SpeechX: Neural Codec Language Model as a Versatile Speech Transformer
- URL: http://arxiv.org/abs/2308.06873v2
- Date: Tue, 25 Jun 2024 18:38:28 GMT
- Title: SpeechX: Neural Codec Language Model as a Versatile Speech Transformer
- Authors: Xiaofei Wang, Manthan Thakker, Zhuo Chen, Naoyuki Kanda, Sefik Emre Eskimez, Sanyuan Chen, Min Tang, Shujie Liu, Jinyu Li, Takuya Yoshioka,
- Abstract summary: SpeechX is a versatile speech generation model capable of zero-shot TTS and various speech transformation tasks.
Experimental results show SpeechX's efficacy in various tasks, including zero-shot TTS, noise suppression, target speaker extraction, speech removal, and speech editing with or without background noise.

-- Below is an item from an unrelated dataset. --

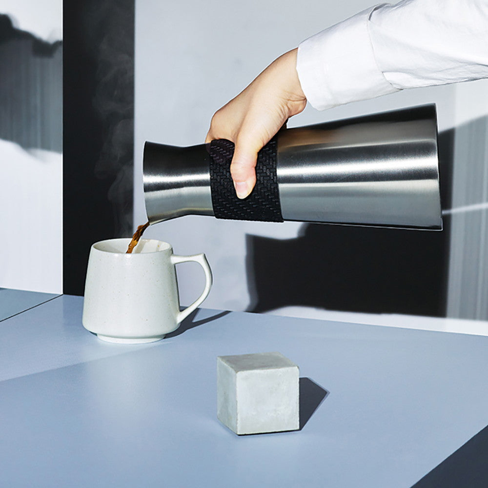 個性的なフォルムは、インテリアとしても暮らしに豊かさを与えます。つかみやすいシリコングリップと、傾けると自動開閉するボールバルブにより注ぐ方向を選びません。また注ぎ口は、適温を保った飲み物を何度でも愉しめるようデザインされています。保温可能な卓上ポットとしてもお洒落で優れたアイテムです。
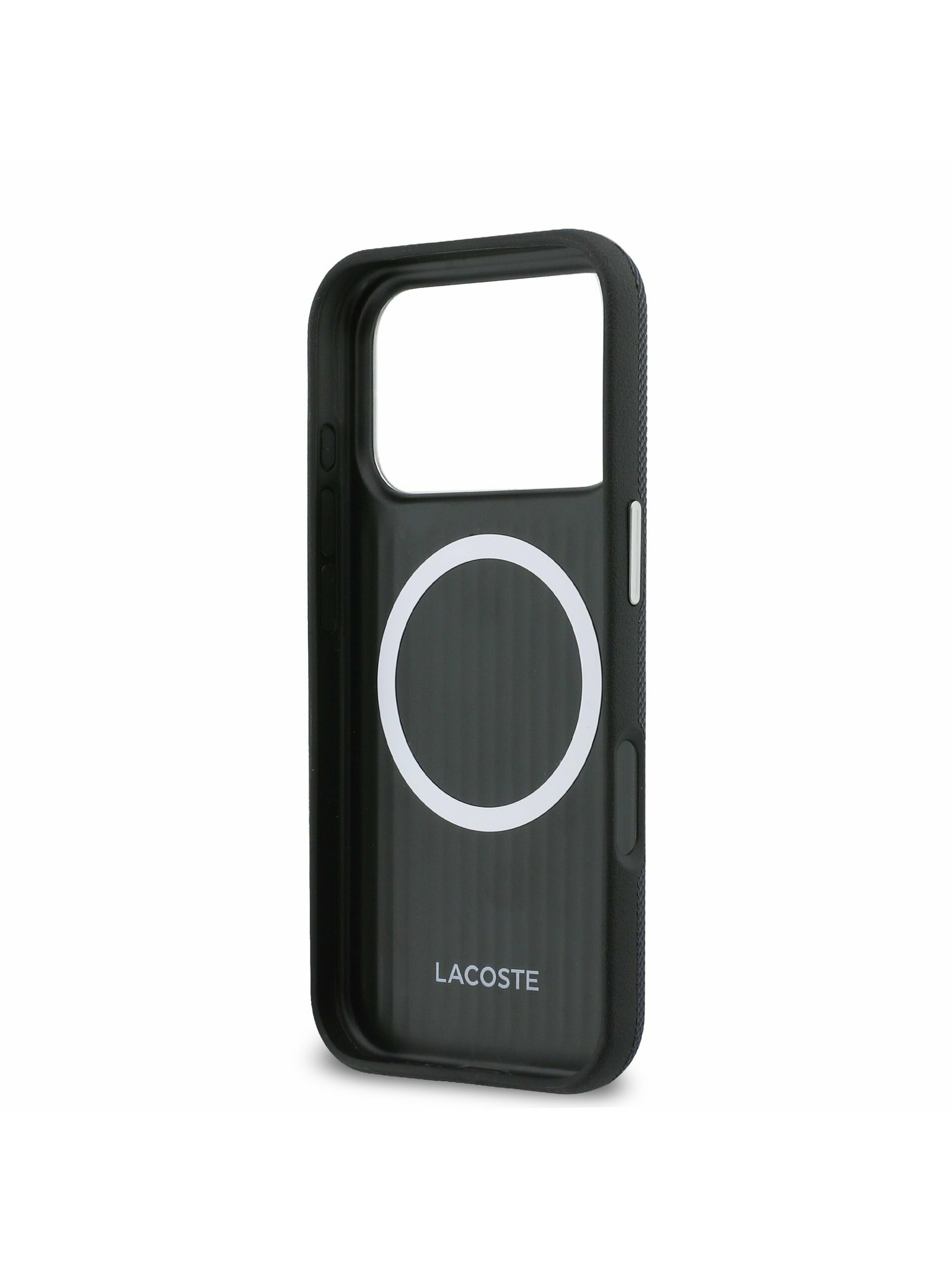 Lacoste PVC Iconic Petit Pique Metal Logo MagSafe Hátlap iPhone 17 Pro-hoz Black

- Score: 57.82364057872905
- License: http://arxiv.org/licenses/nonexclusive-distrib/1.0/
- Abstract: Recent advancements in generative speech models based on audio-text prompts have enabled remarkable innovations like high-quality zero-shot text-to-speech. However, existing models still face limitations in handling diverse audio-text speech generation tasks involving transforming input speech and processing audio captured in adverse acoustic conditions. This paper introduces SpeechX, a versatile speech generation model capable of zero-shot TTS and various speech transformation tasks, dealing with both clean and noisy signals. SpeechX combines neural codec language modeling with multi-task learning using task-dependent prompting, enabling unified and extensible modeling and providing a consistent way for leveraging textual input in speech enhancement and transformation tasks. Experimental results show SpeechX's efficacy in various tasks, including zero-shot TTS, noise suppression, target speaker extraction, speech removal, and speech editing with or without background noise, achieving comparable or superior performance to specialized models across tasks. See https://aka.ms/speechx for demo samples.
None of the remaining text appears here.